Community Spotlight: Recipes for Wellbeing draft
Location: Geneva, Switzerland
Can you share the intention behind creating Recipes for Wellbeing and what communities the Recipes for Wellbeing serve?
Recipes for Wellbeing first emerged in 2016 as a spontaneous collaboration between changemakers interested in exploring practices to cultivate their wellbeing. Two years later, three of these changemakers – Alessia Cervone, Greta Rossi, and Tariq Al-Olaimy – decided to set up a not-for-profit association with the intention of shifting the culture of changemaking from one that leads to burnout to one that includes a focus on wholebeing and enables changemakers and their teams to thrive and to create positive change in the world. The communities we serve are changemaker communities.
Changemakers are driven by an intrinsic motivation to improve the lives of others and to be stewards of our planet. They choose purpose over pay-checks – The Possibilists 2021 Report.
Changemakers are those acting for a purpose that serves other people and the planet. They often sacrifice their wellbeing to change the world. We believe that their changemaking work should no longer come at the expense of their wellbeing. If you wonder whether this is an issue at all, we invite you to check out the results of The Possibilists in-depth study on changemakers, which highlight that “59% of young changemakers have experienced some degree of burnout since they started work on their initiatives” (The Possibilists 2021 Report, P17). What’s more, “66% of young changemakers cannot compensate themselves at all or can only pay themselves a small token amount” (P13), “59% say they are juggling various responsibilities and are stretched too thin” (P12).
Recipes for Wellbeing focuses on four categories: Mind, Body, Heart, and Soul – can you share the intention behind focusing on these aspects and their role in deepening our understanding of wellbeing?
We know there are both internal and external conditions influencing our wellbeing. For instance, The Possibilists study in 2021 revealed how young changemakers “do not perceive their broader (national) contexts as being particularly supportive of their work and efforts to grow their initiatives” (P19). In particular, systemic inequalities (64%), the state of the economy in their home country (62%), and the financial opportunities in their country (61%) were the issues most cited as negatively affecting their work (P19).
At Recipes for Wellbeing, we focus mainly on the internal conditions to transform them into leverage points to change external conditions. We have identified the following four internal wholebeing dimensions: Mind, Body, Soul & Heart.
- Mind: Wholebeing for the mind concerns the well-functioning of our minds so that we can cope with stressful situations and work fruitfully, whilst also realising our creative potential to make a contribution to the world. It is not about an absence of mental disorder or ill-health, but about acknowledging and accepting all thoughts.

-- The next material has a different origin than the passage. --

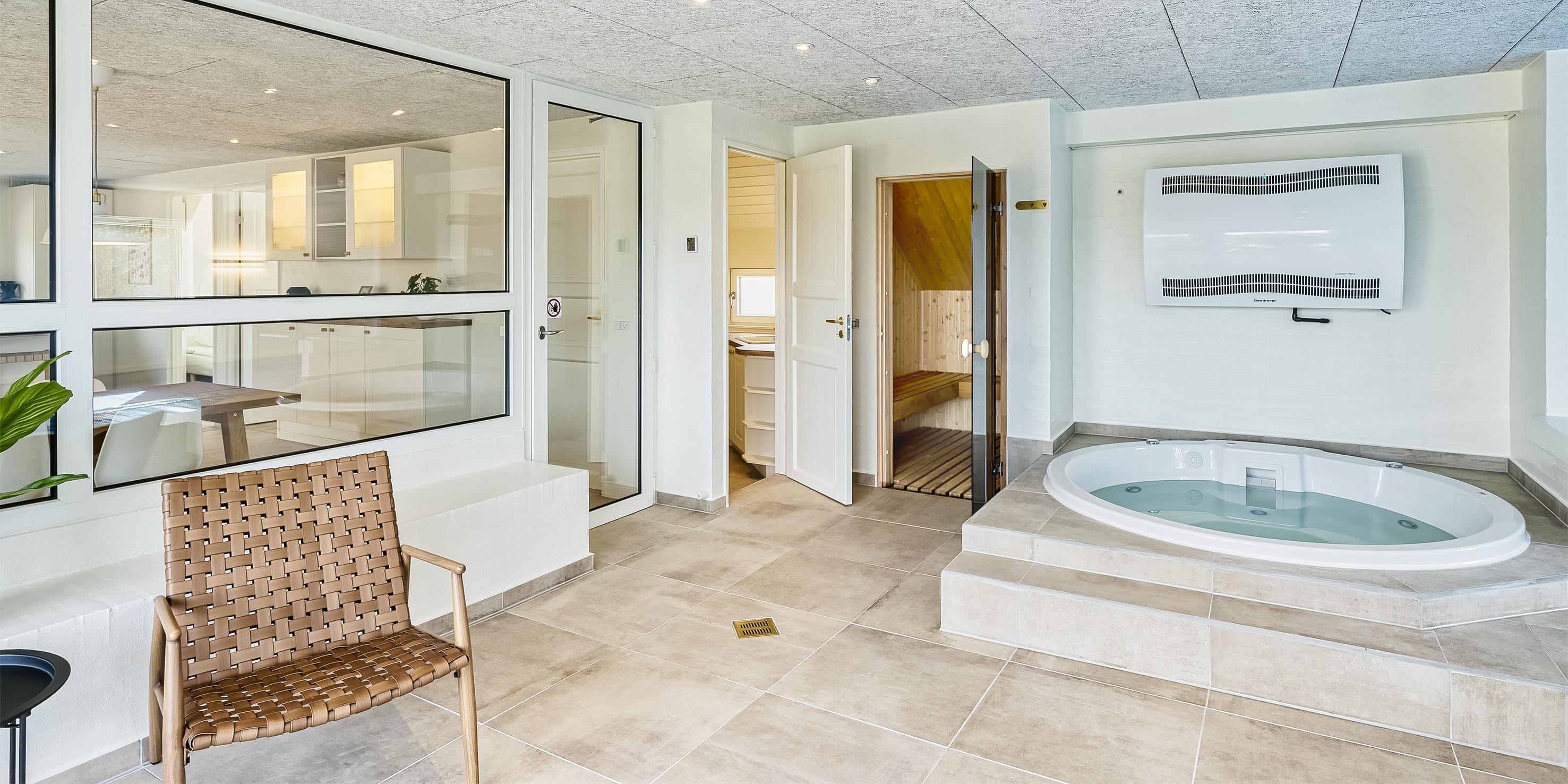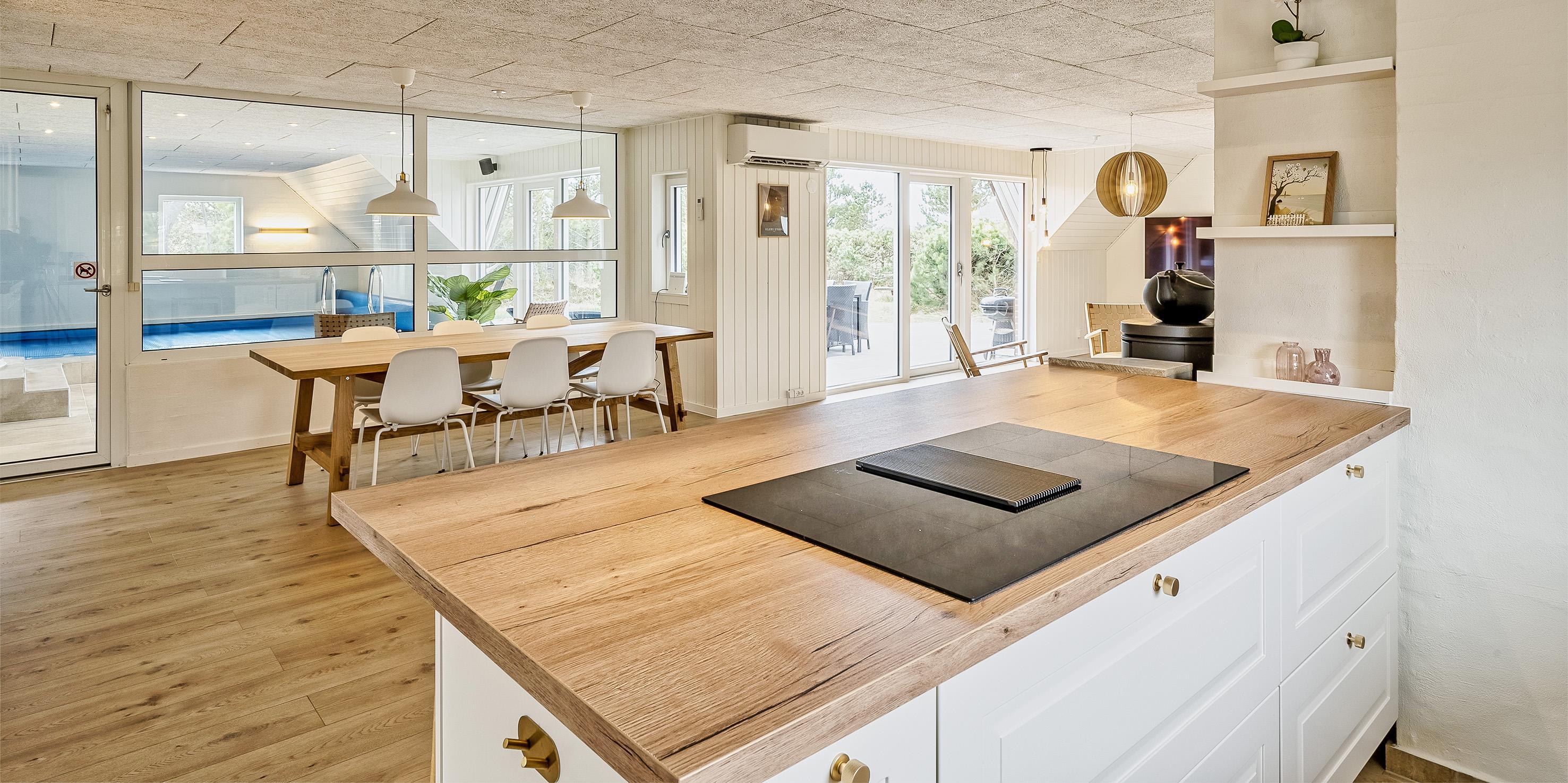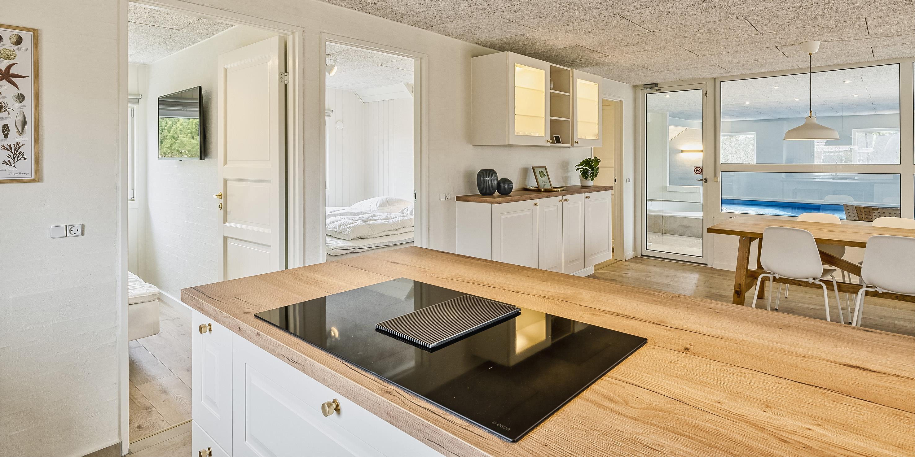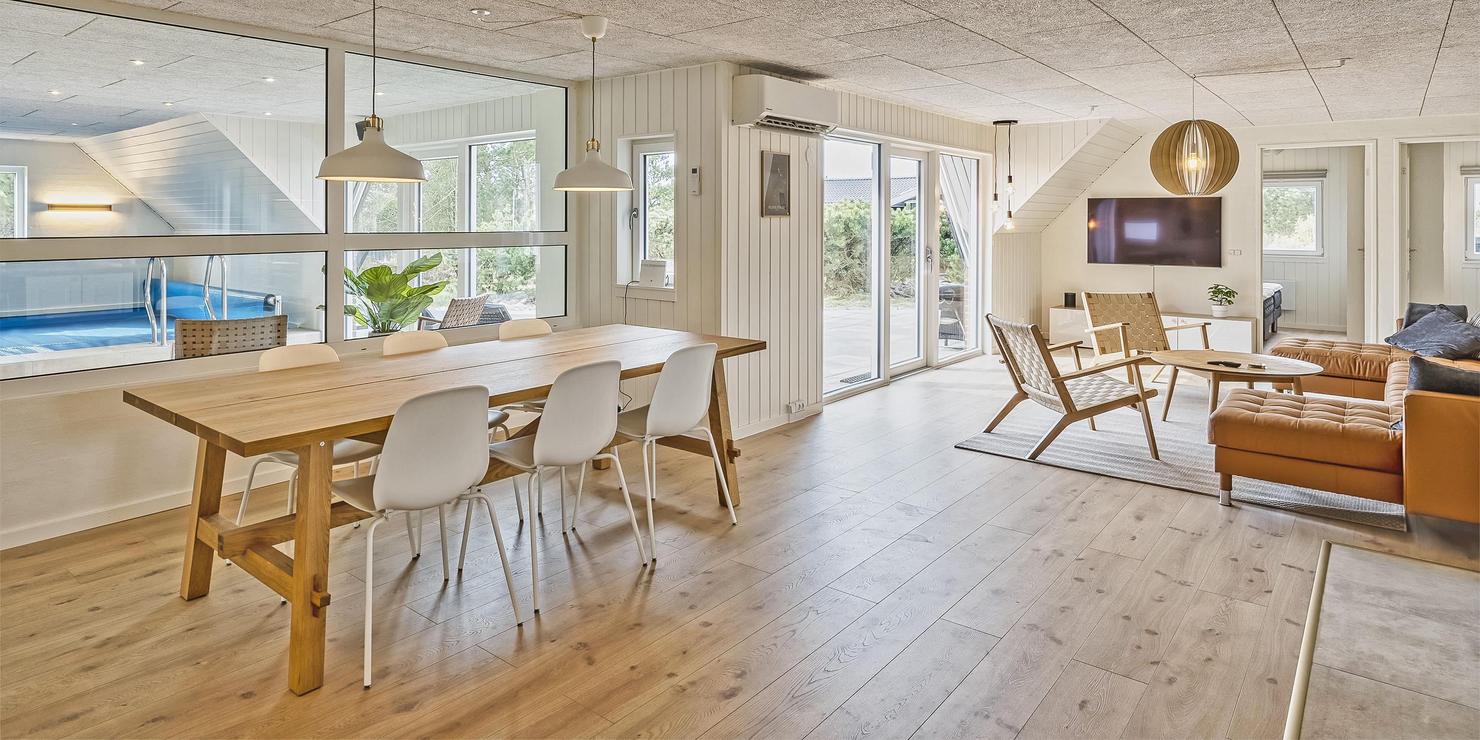 Huset indeholder: Nyt lyst køkken med opvaskemaskine, mikroovn og køle-/frysekombination. Køkkenet er i åben forbindelse med spiseplads og stuen. Stuen er indrettet i lyse nordiske farver. Stue med ny brændeovn, Smart-tv og YouSee App, hvor de danske programmer kan streames fra. Fra spisepladsen har man udsyn til poolrummet. 5 soveværelser: DS + DS + DS + DS + 2S. 4 gode soveværelser med hver 1 dobbeltseng og 1 soveværelse med 2 enkeltsenge. 2 badeværelser med bruser/wc. Begge badeværelser er nyrenoverede og lysnet. Poolrum med swimmingpool (ca. 7,25 meter x 3,20 meter x 1,30 meter dybt), stor standvandsspa ( til ca. 6 personerog sauna. Huset har også en vaskemaskine og tørretumbler. Trådløs Internetadgang. Laderstander til el-bil.

- Body: Wholebeing for the body is about cultivating a kind relationship with our body and supporting its well-functioning by developing healthy eating habits, engaging in regular physical activity, and avoiding preventable diseases. It is not about an absence of physical disorder or illness, but about embracing and appreciating our body as it is.
- Heart: Wholebeing for the heart is about fostering compassionate, balanced, and supportive relationships with ourselves, other people, and the world to cope with the emotional burden of our changemaking work. It is not about an absence of difficult feelings or emotions, but about experiencing and integrating the full range of human emotions.
- Soul: Wholebeing for the soul is about discovering and nurturing a strong connection with our unique and deepest identity, as well as with the larger consciousness that animates the cosmos and everything in it. For some, wholebeing for the soul is deeply connected with religious affiliation, whereas for others it is about surrendering to the flow of the universe.
However, we do not stop there.
In fact, in the past couple of years, we started to look at the intersection between wellbeing and specific systems and topics, ranging from community wellbeing to digital wellbeing and gender & wellbeing.
Finally, it is important to stress that we do not focus on individual wellbeing alone (like many other wellbeing initiatives do), but we look at the intersection of three interconnected and interdependent ecologies:
- Individual: Wholebeing comes from a deepening centre, a clarity about who we are, what we need, and what is required for us to survive and thrive in our environment. As individuals we only exist in community, and we are also Nature.
- Community: Wholebeing comes from expanding our circle of compassion to accept and embrace that we are not isolated from others and that when our community thrives, we can thrive too. Our human communities only exist in community with the more than human world.
- Nature: Wholebeing comes from re-discovering and re-kindling a more harmonious relationship with the human world, and a reconnection back to the Earth community of which human communities are an intrinsic part of.
Can you share more about your recently launched recipes?
Among the new recipes, you can find a variety of wellbeing practices, from activities related to burnout such as “4 tips to avoid WFH burnout” to tips for financial wellbeing with “Healthy money habits”; from ways to support LGBTQIA2S+ folks with “LGBTQIA2S+ allies in the workplace” to tips for the perfectionists amongst us with “Coping with unhealthy perfectionism”; and from creative activities to process emotions such as “Catharsis through clay” to practices to be more mindful parents such as “The parenting plate”. Not to mention our newest category, already featuring seven activities for community wellbeing.